A generic queue used when only a single thread is dequeuing the iitems
 and many thread can enqueue them.
The queue contains some threshold for flow control and utilities
 to duplicate and delete the elements

Writer queue

A N to 1 queue whose elements contains:
        - dbi  (i.e the database instance)
        - key  (the record key)
        - data (the record data)

The items in this queue are pushed by the worker threads and read by the writer thread

Bulk import queue

A N to 1 queue whose elements contains:
        - ep  (i.e the backend entry)
        - id  (the entry id)
        - key (the entry key (i.e ndn))
        - wait4key (the parent entry key (i.e ndn))

The items in this queue are pushed by the ldap operation worker threads
 and read by the bulk import thread.
Another queue with same struct is used internally by the
bulk import thread to handle the waiting entries
(that is why the key and wait4key fields are present)
 struct is used both from the incomming and waiting queue
  handled by bulk import provider thread.

#####

EntryInfo private database:

Why having a private database ?:

To be able to update the entryrdn, ancestorid and parentid indexes the worker thread not only needs the entry but also some data about the parent entry. (typically its ID, ancestor ids and rdn).

To do that the producer thread retrieve the parent entry data and store it in the worker queue element then compute the entry data and both store it in the worker queue element and in the private database. If the parent is not found either the entry is skipped as bad (import case) or pushed in a waiting queue until the parent entry info get added (bulk import/reindex/upgrade cases)

Private database means: A temporary lmdb database created,used and deleted by the producer thread. Notes:

Main (sub)database cannot be used because the writer thread txn prevents access to the database by other threads.
Hash table could have been used but it is difficult to estimate its maximum number of elements

Reordering the entries util parent is added in the private database

Data from parent entries are needed but entries may not get processed by the provider in order except in the import case because parent entries are defined before children entries in the ldif file (with an exception about the RUV) So bulk import, index and upgrade provider thread handles two lists

An incomming entries to process one
A waiting list

If the entry that is beeing processed has no parent it is pushed in the waiting list and associated with the parent key. Then next entry is processed. When an entry is succesfully added in the private database the waiting list is walked and all element waiting for the entry key are moved back in the incomming entry queues.

Database record format

The key is either the entry ID (index/upgrade cases) or the entry ndn (import/ bulk import cases)

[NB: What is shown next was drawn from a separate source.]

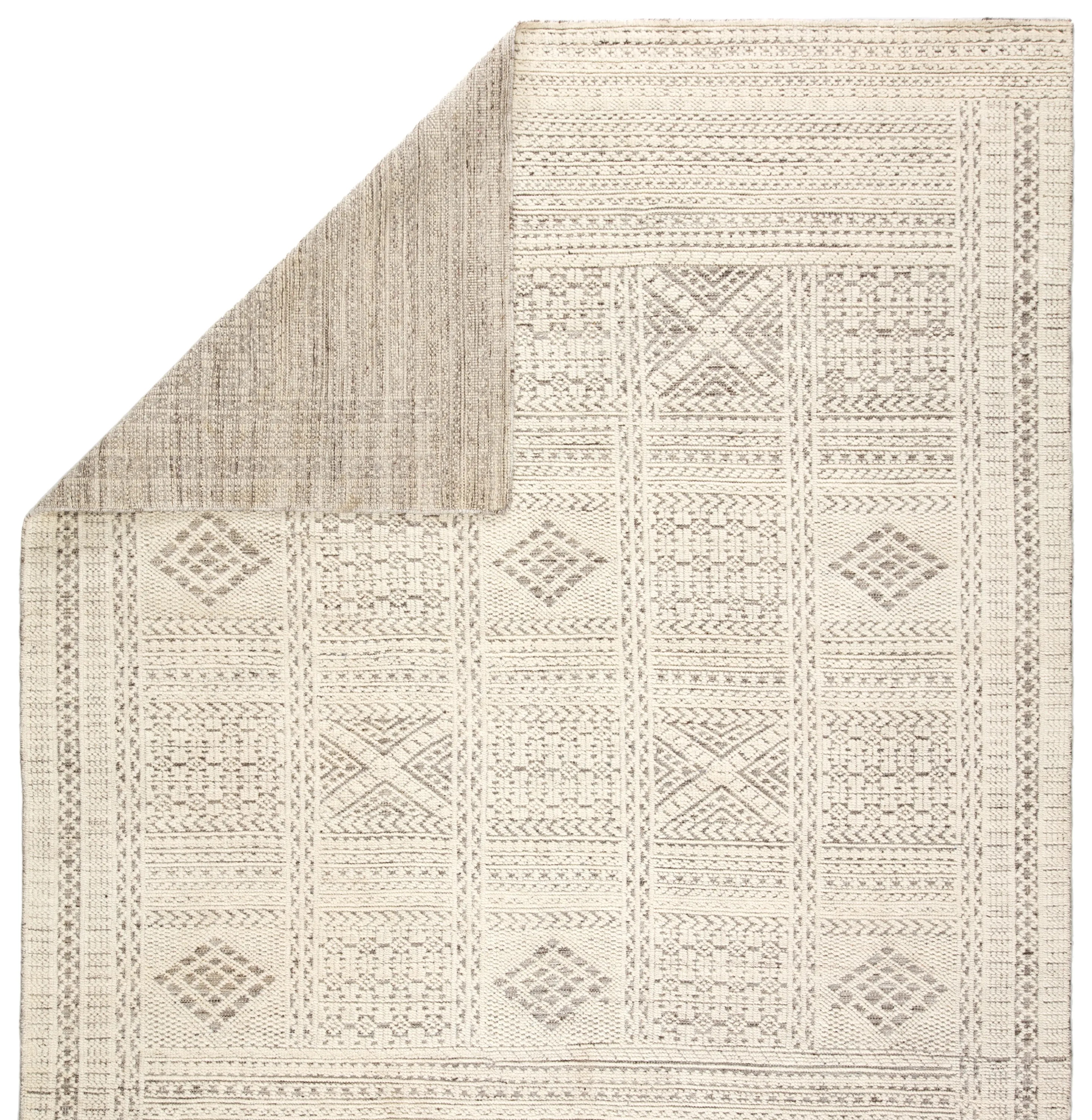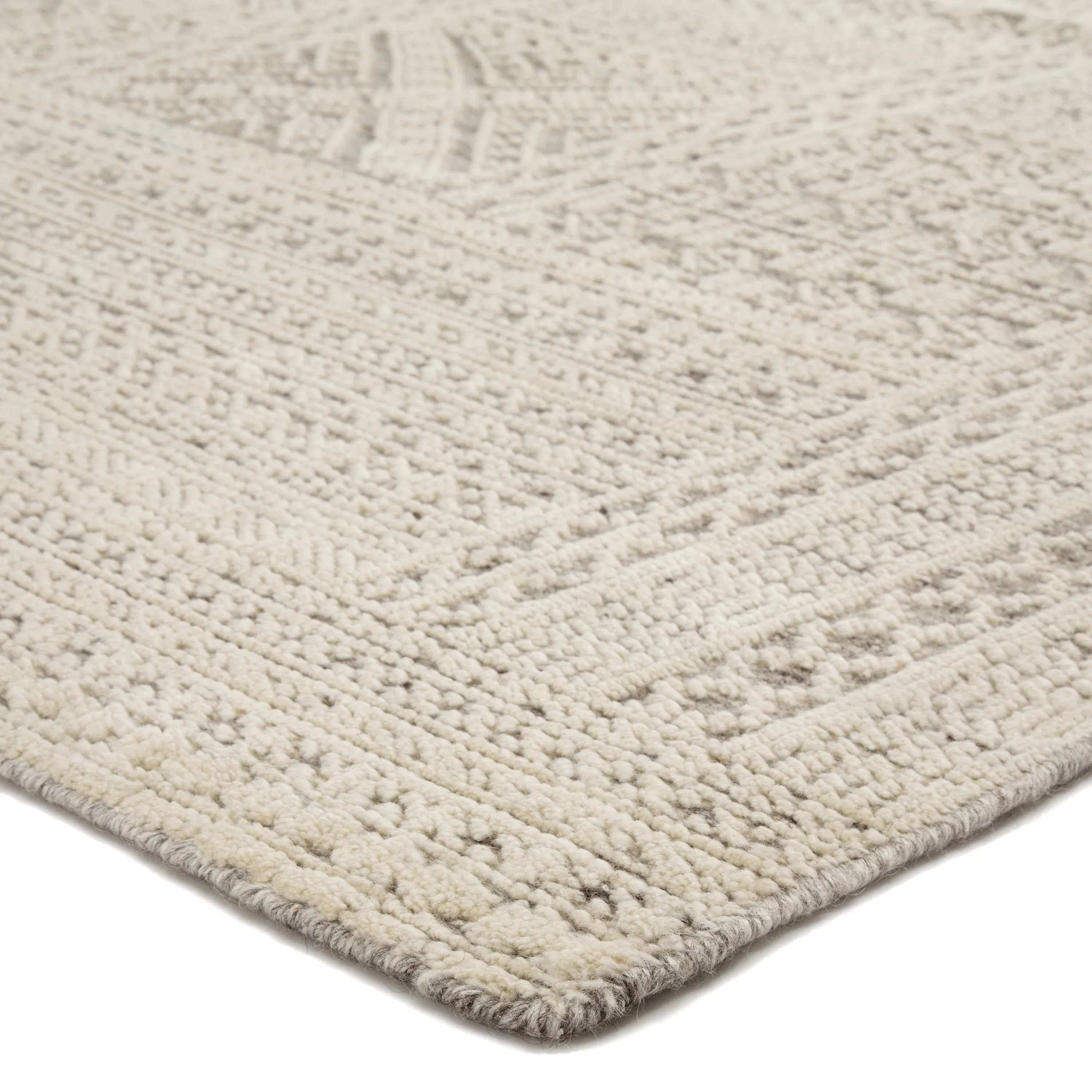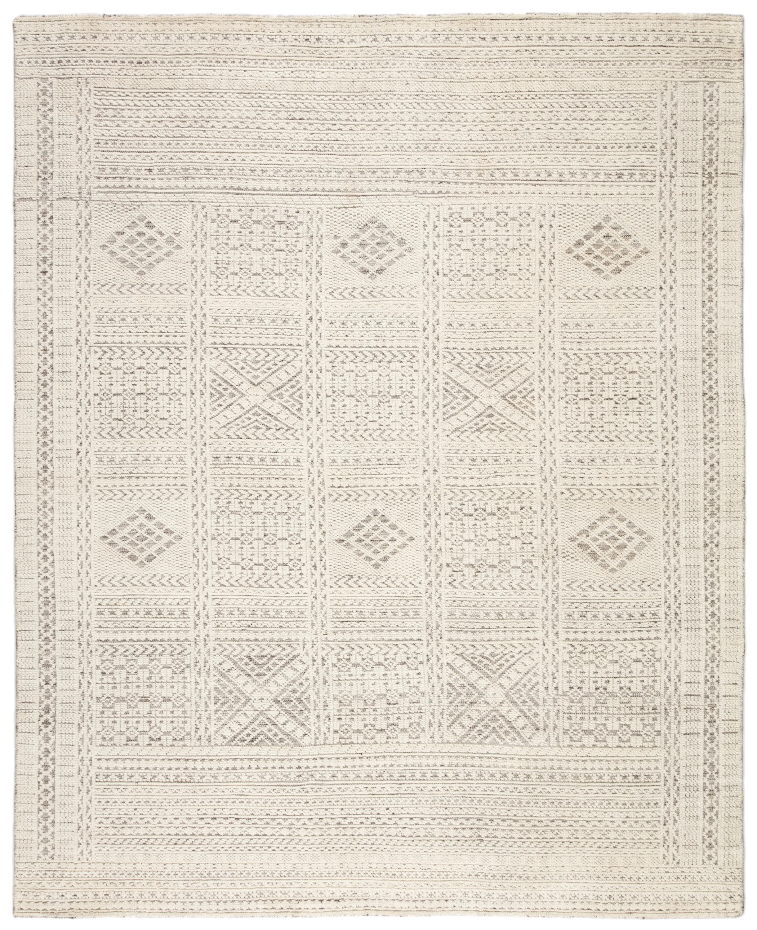The captivating Reign collection introduces detail-rich design and inviting carved pile to contemporary and traditional homes alike. The hand-knotted Jadene rug boasts an intricate geometric design in a neutral ivory and light gray colorway. This wool rug's textured pattern grounds spaces with striking depth and dimension.

The record data contains the following datas

Data	Comment
entry ID
nbAncestors	number of ancestors
nrdn len	normalized rdn lenght including final \0
rdnlen	rdn lenght including final \0
ancestorID 1	first ancestor ID
….
ancestorID n	n th ancestor ID
nrdn	normalized rdn
rdn

Sizing

The private database size is either the sum of the ldif file sizes when ldif files are available or 10% of the main database size

Other data:

ImportCtx:

There is one ImportCtx struct per ImportJob and it contains the global data needed to perform the import over mdb

Field	Usage
job	The ImportJob
ctx	The db-mdb plugin context
entryrdndbi	the entryrdn database instance
slots	the array of worker threads contextes (cf ImportSlot)
nbslots	number of worker threads
bulkq_state	tell weither supplier has pushed the last entry in bulk
bulkq	bulk import queue
worker_queue	worker queue
writer_queue	writer queue

ImportSlot:

This struct represent a worker thread context

Field	Usage
wait_id	A value that determine the order in which the slots have been filled

ImportJob:

The ImportJob struct is reused with the following restriction:

Field	Usage
task	task
flags	flags
input_filenames	ldif filenames
index_list	index_list
worker_list	worker_list
number_indexers	Not used
starting_ID	Not used
first_ID	Not used
lead_ID	Not used
ready_ID	Not used
ready_EID	Not used
trailing_ID	Not used
current_pass	Not used
total_pass	Not used
skipped	skipped
not_here_skipped	not_here_skipped
merge_chunk_size	Not used
voodoo logic for deciding when to begin	Not used
uuid_gen_type	uuid_gen_type
uuid_namespace	uuid_namespace
mothers	???
average_progress_rate	average_progress_rate
recent_progress_rate	recent_progress_rate
cache_hit_ratio	Not used
start_time	start_time
progress_history	progress_history
progress_times	progress_times
job_index_buffer_size	Not used
job_index_buffer_suggestion	Not used
include_subtrees	include_subtrees
exclude_subtrees	exclude_subtrees
fifo	Not used
task_status	task_status
wire_lock	Used with wire_cv
wire_cv	Used to wait until main-thread initialization is done and we are reading to queue entries
main_thread	main import thread (dbmdb_import_main) tid
encrypt	encrypt
usn_value	usn_value
upgradefd	???
numsubordinates	???
writer_ctx	the ImportCtx struct

Notes

There may be competition between index/upgrade provider thread and writer threads that both require txn on the main database but in both cases the txn hanles a batch of operations so its mitigates the contention risk.

There is not much differences between on line and off line version and as far as there is no other ldap load the performances are quite similar.

Last modified on 2 April 2024